In the early 1860s Stephen B. Chapman and his family lived on a farm near the town of Black Jack, south of Lawrence, Kansas. In summer 1863 Bushwhackers began traveling through the area, terrorizing the citizens. After William C. Quantrill's Lawrence Massacre on August 21, 1863, the family in September moved west, since the guerrillas passed within sight of their farm.

They arrived in Ottawa County, Kansas, in October, settling on the Solomon River. They and some of their new neighbors built them a dugout, a single room measuring fourteen by sixteen feet. The dugout had a fireplace and probably logs and/or sod were used for the roof and some of the walls. After the structure was completed, the family moved into it and Mr. Chapman built a rough wood floor for it.

Very quickly the Chapman home started to serve the growing numbers of settlers as a fort during Indian disturbances. During this time relations between the settlers and the Indians were hostile and many Indian raids transpired. Sometimes large numbers of settlers took refuge in the Chapman dugout. The largest number was fifty-two men, women and children. In the nights of refuge, the men would keep watch for Indians and the women and children would sleep on quilts on the floor.

One time the Indians set a grass fire in an apparent attempt to burn out the white settlers. The native prairie grass was six feet high and burned well in the wind that accompanied the fire. The result was many buffalo died in the fire.

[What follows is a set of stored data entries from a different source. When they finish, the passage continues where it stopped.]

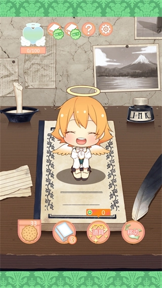 2、于主页能够瞧见一个极为可爱且萌态十足的天使宝宝,其下方设有饼干按键、图书按键、道具按键以及移动按钮。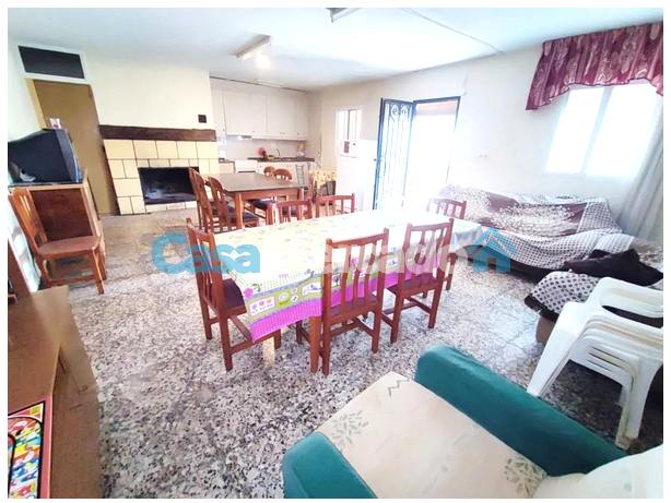 The house itself has a floor area of 140 sqm and is spread over one level. At the entrance, you'll find a spacious veranda. The house has two bedrooms, with the possibility of expanding to three or four. There is also a bathroom and a cozy living/dining room with an open-plan kitchen. The house features a fireplace and terrazzo floors, creating a warm and inviting atmosphere.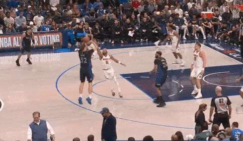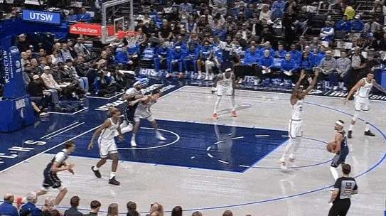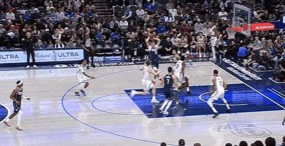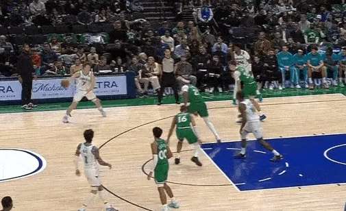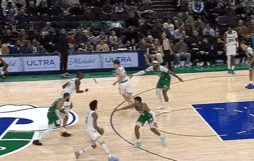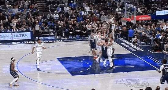 黄蜂早期进攻阶段、抓独行侠防守立足未稳发动的战术配合:三球持球刚过半场立即和迪亚巴特发动“Drag Screen”配合,与此同时右路跟进的克尼普尔迅速前来执行“Shallow Cut”空手移动至左翼,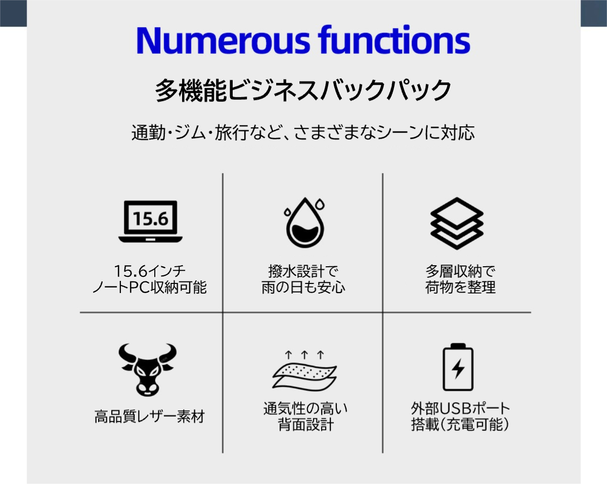 大容量ビジネスリュック USBポート付き 15.6インチPC対応 撥水 通気設計 多収納 バックパック 通勤 出張 旅行用【1284634】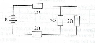 A battery of negligible internal resistance is connected to a set of resistors as illustrated in the circuit diagram above. Determine the equivalent resistance of the circuit.

When the Chapman dugout was used as the area fortress, it served as the community Sunday school. About ten persons met there every Sunday.

The dugout's use as a refuge pretty much ended by summer 1864. At that time Fort Solomon was built about a mile to the north. The town of Lindsey developed around Fort Solomon. The majority of the county's population lived in log cabins inside Fort Solomon from summer 1864 to spring 1865.

Even the Chapmans had a cabin inside the fort, but apparently they never took refuge in it. They preferred to remain in their dugout. Capt. Elisha Hammer took a troop detachment from Salina to visit Ottawa County and begged the Chapmans to leave their dugout. They still stayed, enduring near starvation.

Eventually the raids ceased. In 1868 or 1869 the Chapmans completed a brick house and left their dugout, which fell into disrepair.